Problem description =>
In the records below, find the line that contains "St Julie Primary School is in Eccleston." and the line that contains "Benford 2 Ton dumper"; write out exactly those two lines and everything between them, without the pictures.

Data shown =>
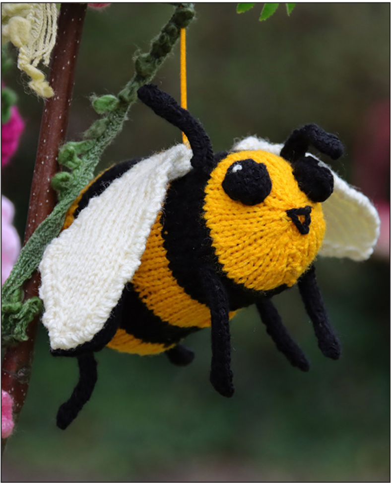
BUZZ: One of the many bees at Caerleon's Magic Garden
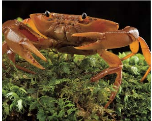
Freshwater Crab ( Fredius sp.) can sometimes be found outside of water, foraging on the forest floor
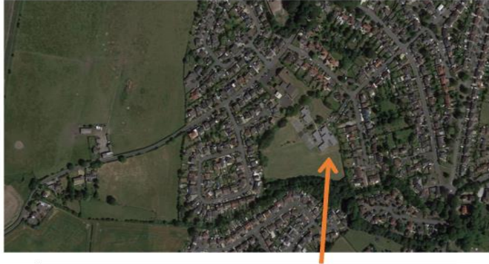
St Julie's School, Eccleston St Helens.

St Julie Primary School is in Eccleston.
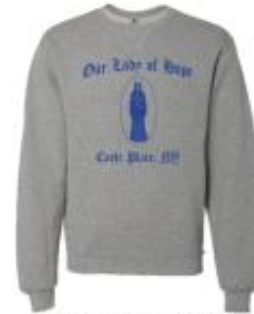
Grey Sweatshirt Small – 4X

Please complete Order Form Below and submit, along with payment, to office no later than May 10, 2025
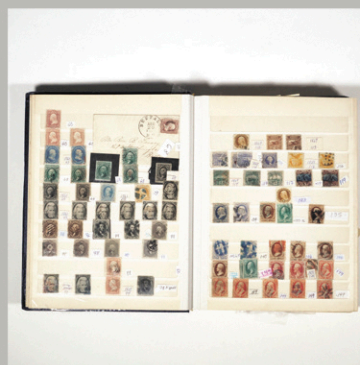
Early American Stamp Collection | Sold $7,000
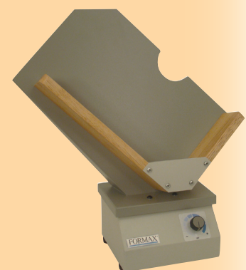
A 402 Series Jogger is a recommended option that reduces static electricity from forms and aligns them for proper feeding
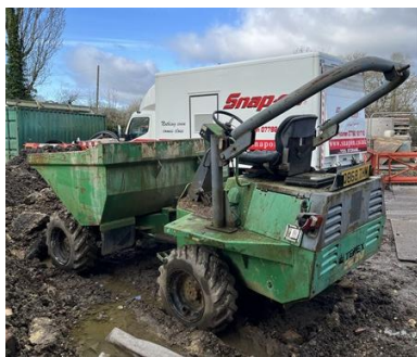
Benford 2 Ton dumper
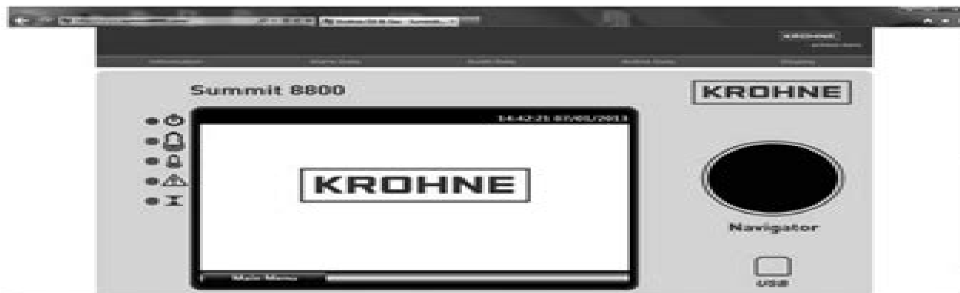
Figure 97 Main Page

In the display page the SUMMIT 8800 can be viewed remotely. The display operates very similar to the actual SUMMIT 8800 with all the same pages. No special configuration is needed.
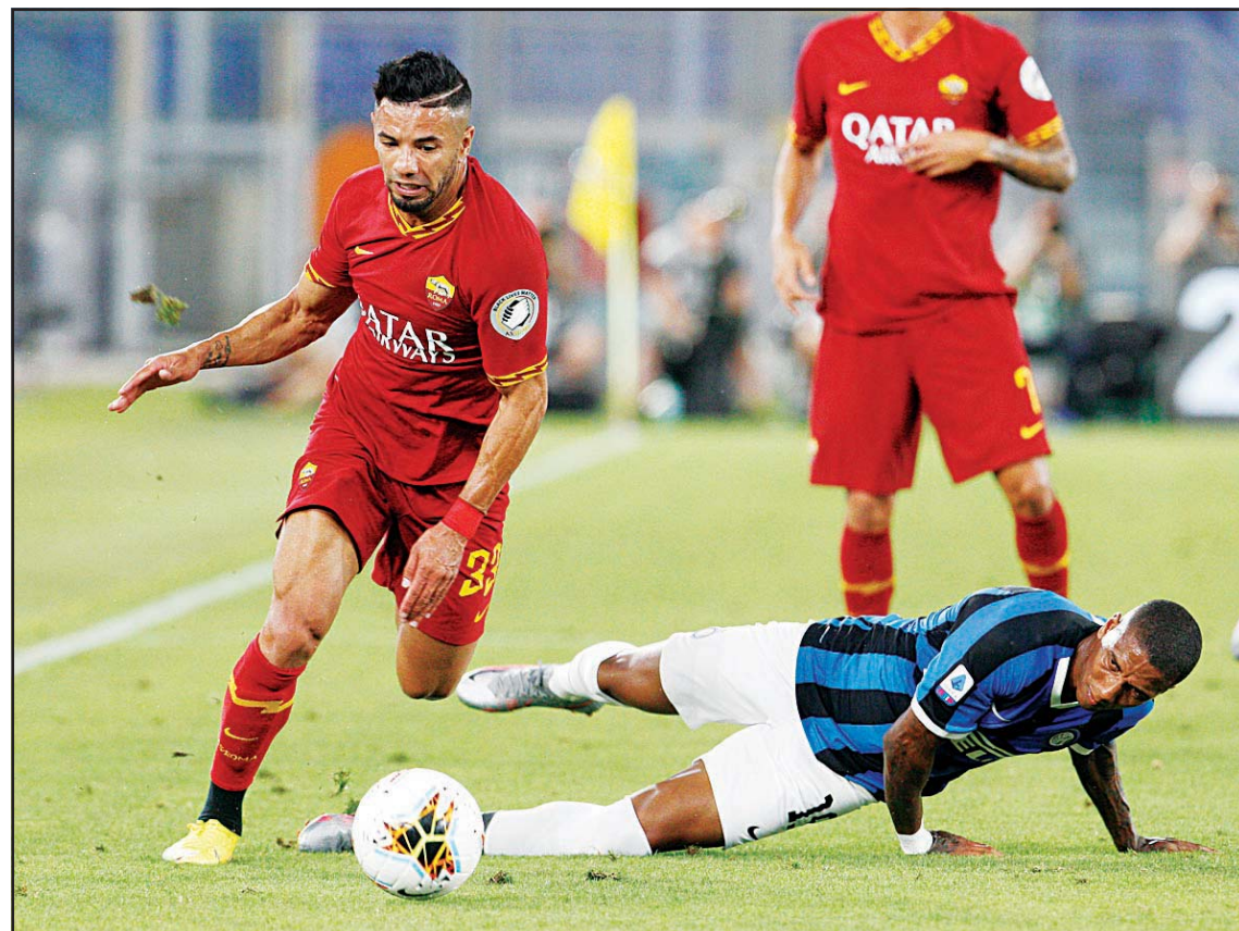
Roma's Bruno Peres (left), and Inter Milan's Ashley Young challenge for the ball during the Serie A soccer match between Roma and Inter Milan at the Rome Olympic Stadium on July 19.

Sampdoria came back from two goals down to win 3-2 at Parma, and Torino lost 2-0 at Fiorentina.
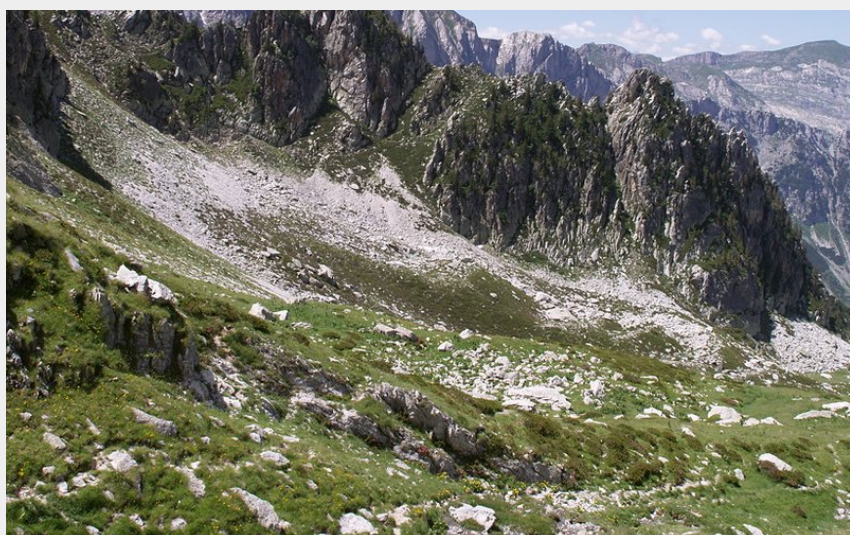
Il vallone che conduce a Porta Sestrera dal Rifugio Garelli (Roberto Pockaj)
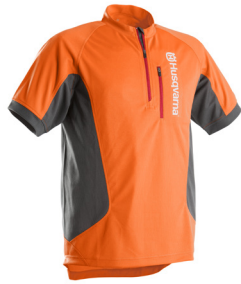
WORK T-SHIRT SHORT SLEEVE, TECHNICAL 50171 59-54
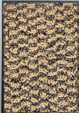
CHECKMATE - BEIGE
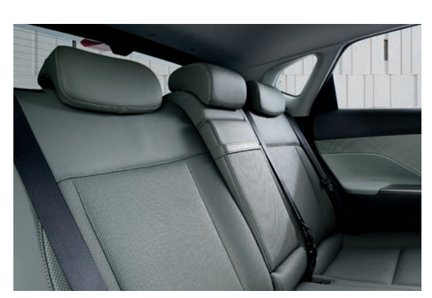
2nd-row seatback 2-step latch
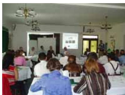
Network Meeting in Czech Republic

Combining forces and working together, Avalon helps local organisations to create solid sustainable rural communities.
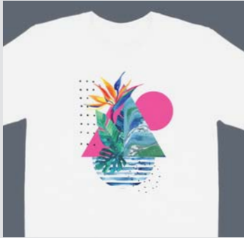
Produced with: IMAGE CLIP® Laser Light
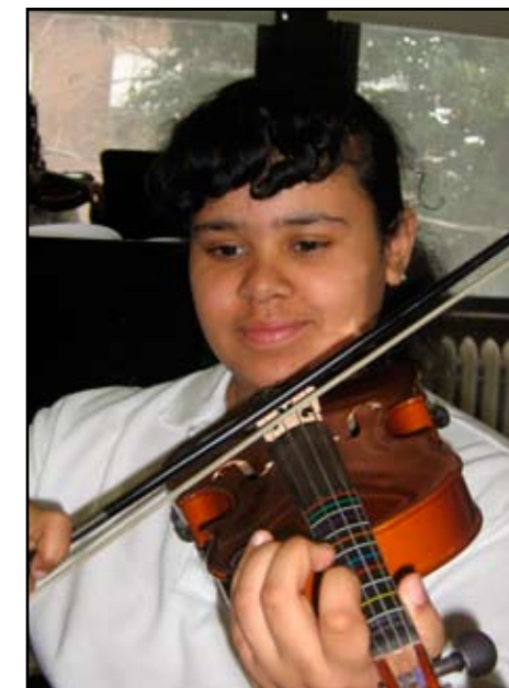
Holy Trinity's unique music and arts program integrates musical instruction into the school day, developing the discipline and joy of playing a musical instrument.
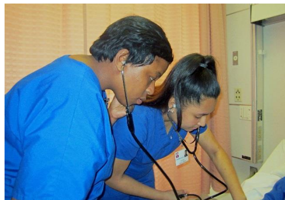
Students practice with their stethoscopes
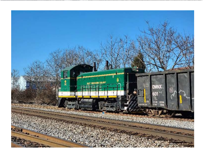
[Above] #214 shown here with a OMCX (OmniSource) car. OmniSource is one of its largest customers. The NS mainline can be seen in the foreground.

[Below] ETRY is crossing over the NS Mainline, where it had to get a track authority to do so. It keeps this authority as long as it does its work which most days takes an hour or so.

Answer to the problem =>
St Julie Primary School is in Eccleston.
Grey Sweatshirt Small – 4X

Please complete Order Form Below and submit, along with payment, to office no later than May 10, 2025
Early American Stamp Collection | Sold $7,000
A 402 Series Jogger is a recommended option that reduces static electricity from forms and aligns them for proper feeding
Benford 2 Ton dumper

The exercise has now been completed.